Physician burnout is a complex challenge – one that requires a paradigm shift from a system where physicians think that burnout, mental health conditions or suicidal thoughts are something they must overcome by themselves, to one where they see the support system around them. The ALL IN: WellBeing First for Healthcare campaign offers five evidence-based actions medical leaders and health care executives should take.

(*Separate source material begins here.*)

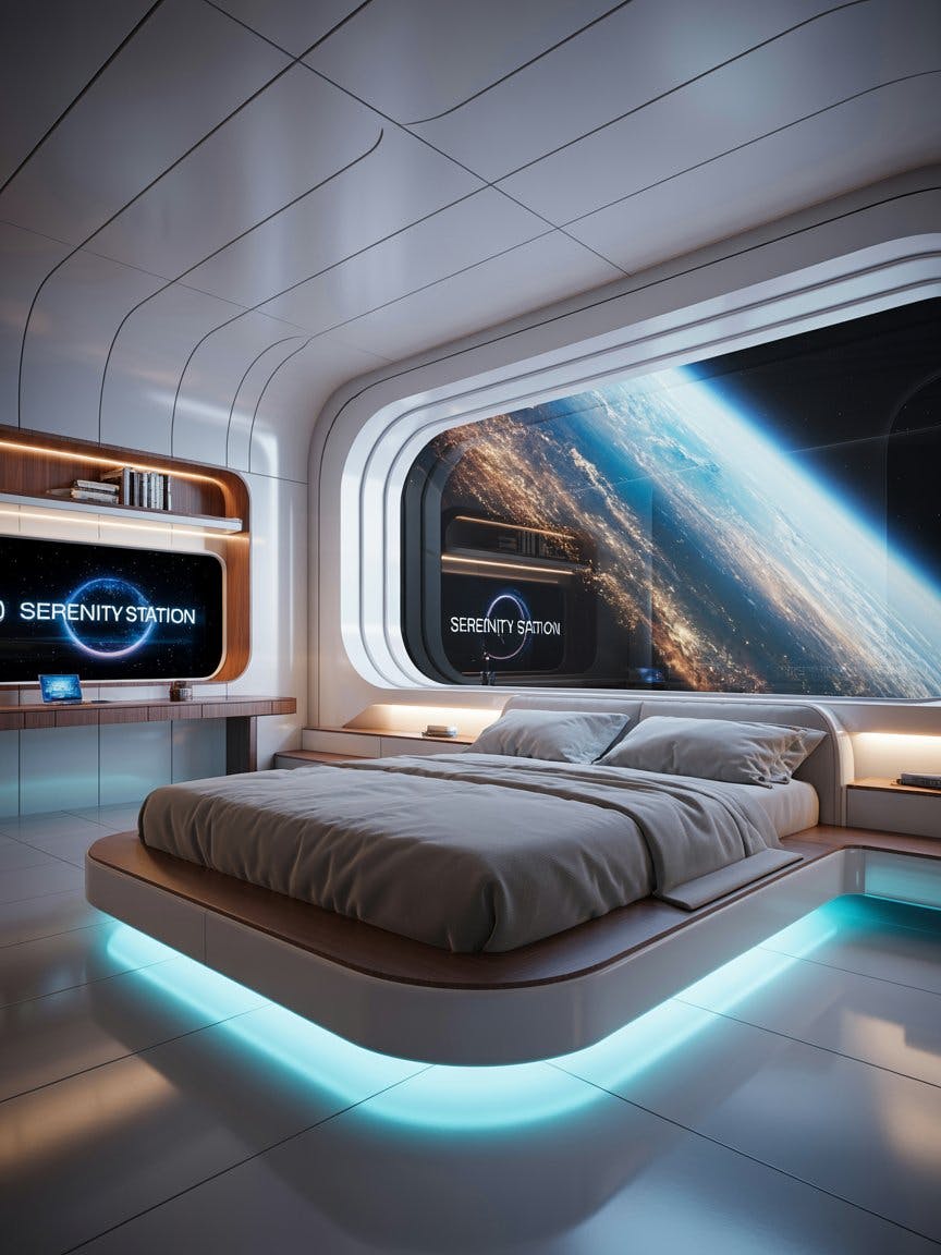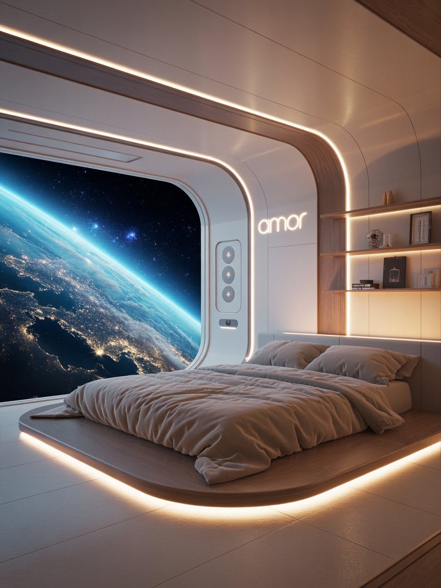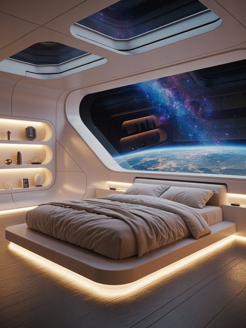 Futuristic luxury bedroom inside a space station, curved panoramic windows revealing a star-filled galaxy and Earth in the distance, sleek modern architecture with smooth white panels and integrated ambient LED lighting, floating bed with soft neutral-toned bedding, warm wood accents and high-tech shelving, minimalistic yet cozy aesthetic, advanced smart home features subtly embedded in walls, glowing under-bed lights, ultra-modern interior design, peaceful space ambience, cinematic lighting, sci-fi dreamscape, high-detail 3D rendering, ultra-realistic textures, concept art style

  • Adjust expectations: Give physicians more flexibility and autonomy.
  • Get rid of stupid stuff: Partner with physicians to identify and remove low-value work through a rapid improvement process.
  • Get radical to shore up staffing: Create new types of shifts, consider voluntary redeployments, or train and upskill other clinicians.
  • Designate a well-being executive: Appoint one person with operational authority to oversee and align all clinician well-being efforts.
  • Do more than employee assistance programs: Ensure adequate mental health care by providing quality mental health counseling, standing up a peer support program, and offering psychological first aid training for all people leaders.

If you or someone you know may be considering suicide, contact the 988 Suicide & Crisis Lifeline. Call or text 988 or chat 988lifeline.org. For TTY users: Use your preferred relay service or dial 711 then 988.

Gary Price, MD, MBA, is president of The Physicians Foundation.